Ultimately based the insubstantiable assertion that national debt exceeding 90%
of GDP has "[dramatic consequences for growth]".
By the time their dubious data-handling and slipshod statistical practice had
been discovered, their conclusions were already in the hands of conservative
economic policymakers.
- Chang et al. and the database column-swap
[debacle](https://people.ligo-wa.caltech.edu/~michael.landry/calibration/S5/getsignright.pdf)
Papers had to be retracted.
Sure, methodological problems, but driven by _sociological/cultural_ ones;
high productivist pressure — _publish or perish_.
The real problem is the risk of a lack of rigour and transparency...
## Why is reproducibility difficult?
- Lack of info leading to inability to replicate decisions made by original
researchers.
- Profusion of errors caused by the user of computers;
- computers permit us to go further and faster, but also to make errors more
readily and rapidly;
- there's also the black-box effect of proprietary software, and the daftness
of opinionated design decisions being confused for helpful ones, e.g.
"MARCH1" and "2310009E13" being interpreted by Excel as a date and a very
large number respectively.
- Lack of rigour and organisation;
- no VCS, manual file-naming conventions, etc.;
- no code-review or continuous integration.

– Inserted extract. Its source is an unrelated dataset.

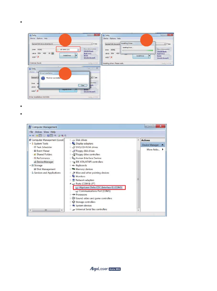 The New AlgoLaser X CDC (Interface 0) (COMX) port in Device Manager.

- And, as ever, cultural/social issues;
- an article can be (uncharitably) described as an advert for the _real_ work
of research and result-gathering, but why?;
- well, perhaps we feel like we could have been more rigorous, so we take a
few liberties with documenting our work, we get selective with our results,
etc.;
- ultimately we don't wish to suffer embarrassment or humiliation, or (worse
still!) miss an opportunity to publish;
- the irony being that we'd be better-placed to publish if we were open,
transparent, etc.; but we're far from alone in all this.